ImpAtom fucked around with this message at 06:13 on Oct 3, 2014

ImpAtom
May 24, 2007

Broken Loose posted:

AHAHAHAHAHHAHAHAHHAHAHHAHAHAHAH I JUST WATCHED THE NEXT EPISODE PREVIEW





THIS SHOW IS rear end

I'm not really seeing the bad part here? I mean, yes, she is crying because the guy she seemed to have a huge respect for got straight-up killed.

ImpAtom
May 24, 2007

Broken Loose posted:

The same woman who broke down crying at the wheel in episode 1 and got her Gundam captured as a result?

If Build Fighters Try can somehow maintain a [Woman Breaks Into Tears/Episode Count] value of 1 or less, then it'll be an infinitely way better than G-Reco.

Uh, what?

Her Gundam got captured in episode 1 after it started to malfunction. She didn't break down crying at the wheel. She did have a frustrated crying thing afterwards which was weird but portraying it as 'she broke down crying and got captured' is straight-up inaccurate.

ImpAtom
May 24, 2007

Broken Loose posted:

All right, so there have been 2 female pilots in the show. Vegetable's FIRST THING SHE DID ON SCREEN was jump out of a cockpit crying. Aila's literally broken into hysterics every episode ("I get like this sometimes!"). The main character's mom showed up for 30 seconds, and everybody else is a cheerleader. With actual pom-poms.

This show needs a way better excuse than "Captain died the episode after Aina started crying and so she does it all the time now" to cover its issues.

... You mean the scene where Monday gets thrown out of her suit and is dying in Earth's upper atmosphere? Because if you're reading that as "she had a crying fit at the wheel" then I'm not sure what to say.

The show doesn't have a great female cast so far but you're literally claiming things happened that didn't. Aida's "hysterics" in the first episode amounted to her tearing up in private for a few seconds and describing her as hysterical based on that scene is stretching it beyond the breaking point. Her second was, I think it's fair to say, at least somewhat justified.

ImpAtom fucked around with this message at 06:41 on Oct 3, 2014

ImpAtom
May 24, 2007

Broken Loose posted:

No, Aila was the one crying at the wheel.

Except she didn't. She was straight-up winning her fight until the G-Self noticed Bell's protagonist field and malfunctioned. Like dumbass was about to punch her loving beam saber and get himself killed before G-Self saved him.

Broken Loose posted:

They didn't have to immediately present Vegetable crying, but they did for some reason.

They showed her tearing up as she was literally suffocating. I mean I guess they could have excluded the tears to avoid your criteria of "women should never cry or else they're weak" but that's a bit much.
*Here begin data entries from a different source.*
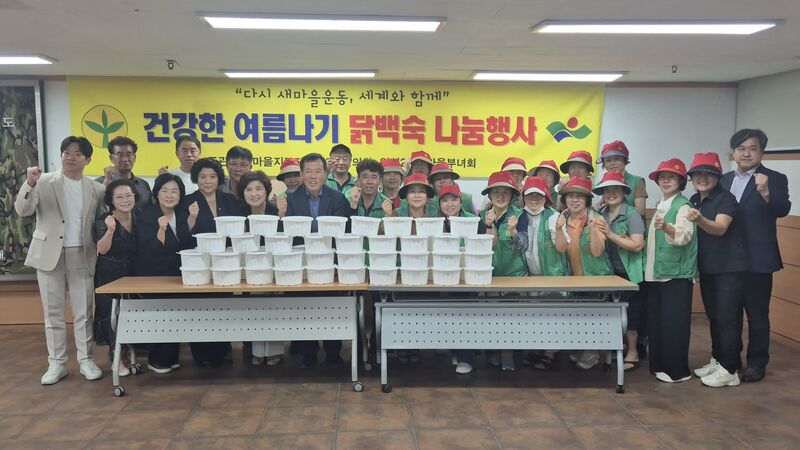이날 나눔 행사는 새마을 회원들이 직접 한약재를 넣고 정성껏 끓인 삼계탕을 100인분 포장해 관내 저소득 취약계층 어르신 세대에게 전달하는 방식으로 진행됐다.
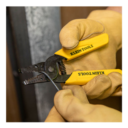 Complete electrical wiring tasks quicker by stripping 2 wires at a time with the Klein Tools 6-1/4-Inch Dual-Wire Stripper/Cutter. This tool is designed for use with 10-14 AWG solid wire. Its precision-ground stripping holes cleanly cut wire and aid in easy removal of insulation.
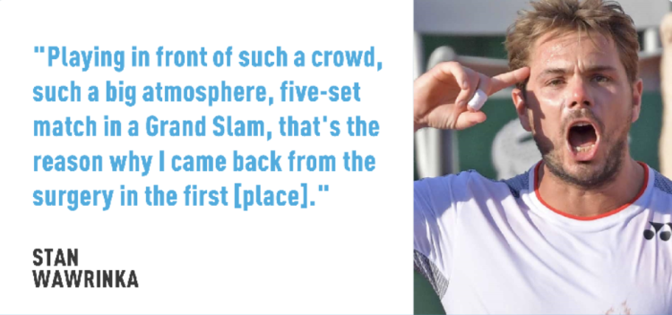 他说:“在这样的球迷面前打比赛,经历这样的氛围,赢下这样一场大满贯5盘大战——这正是我当初手术后仍然坚持复出的原因。
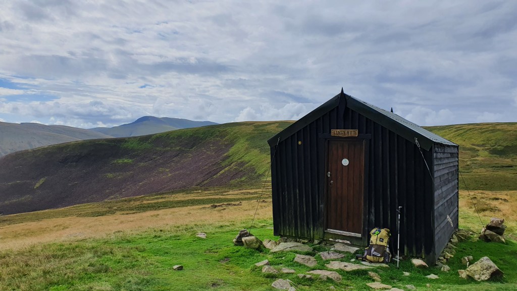 Caldbeck is a lovely village with a campsite, 2 cafes, pub/hotel and friendly village store. From here the route climbs into the ‘fells’ of the Lake District to High Pike with panoramic views south to the hills to come, out east to the Penines and back north to Scotland. There’s a cool small wooden hut on the way – ‘Lingy’ – maintained by the Mountain Bothies Association which would be a good overnight stop.
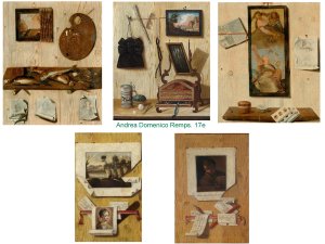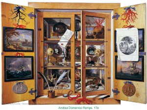 - L’une des plus extraordinaires peintures de cabinet de curiosité est ce trompe-l’oeil en vitrine de Domenico Remps. Un véritable decriptif exhaustif de toutes les figures existant au monde et de la diversité de leur représentations possibles.

ImpAtom fucked around with this message at 06:52 on Oct 3, 2014

ImpAtom
May 24, 2007

Broken Loose posted:

As I said before, the show is presenting a consistent troublesome tone, to the point where the context of those depictions is becoming secondary to the consistency.


Since people are not seeing this clearly, imagine a hypothetical show where the first episode features a pantomimed rape for laughs, followed by more and more rape jokes per episode and escalating to main characters being repeatedly raped on screen. Each of those incidents could be contextually logical but the consistency of that concept's depiction is itself troublesome.

In G-Reco, women are incompetent, cheerleaders, stage dancers for a room full of male politicians, or the main character's mother. They are also consistently crying, violently jealous, displaying fanservice, or just madly in love with one of the noble male characters.

You've yet to actually justify your explanation.

Aida is not incompetent from what we're shown. She is handily winning her fight until she gets plot-screwed. In fact she is winning despite holding back (she avoided killing blows). So far she has yet to ineptly fail through her own means except maybe by not jumping into the G-Self's cockpit effectively in the second episode, which is still less ineptitude than that shown by our protagonist who tries to punch a beam saber and runs face-first into a wall.

You're tying 'she cried' to 'she is useless and inept and incapable' which isn't actually backed up in the show so far at all. Then you try to go "no, see, the context doesn't matter, she just cries a lot and THAT is what matters!"

ImpAtom
May 24, 2007

StrifeHira posted:

Well this is exactly what the topic needed. :stare:

I don't have that much of an opinion on the show yet, hasn't quite been the attention grab that say, King Gainer had, but hasn't exactly been painful. Just... kinda lukewarm, so far?

Mechs look decent in animation.

Lukewarm is a good word for it honestly.

Also, is it me or is the soundtrack kind of... barely there?

Sharkopath posted:

It's unfortunate as is but I have a hope that as the plot moves forward everybody will be given more agency.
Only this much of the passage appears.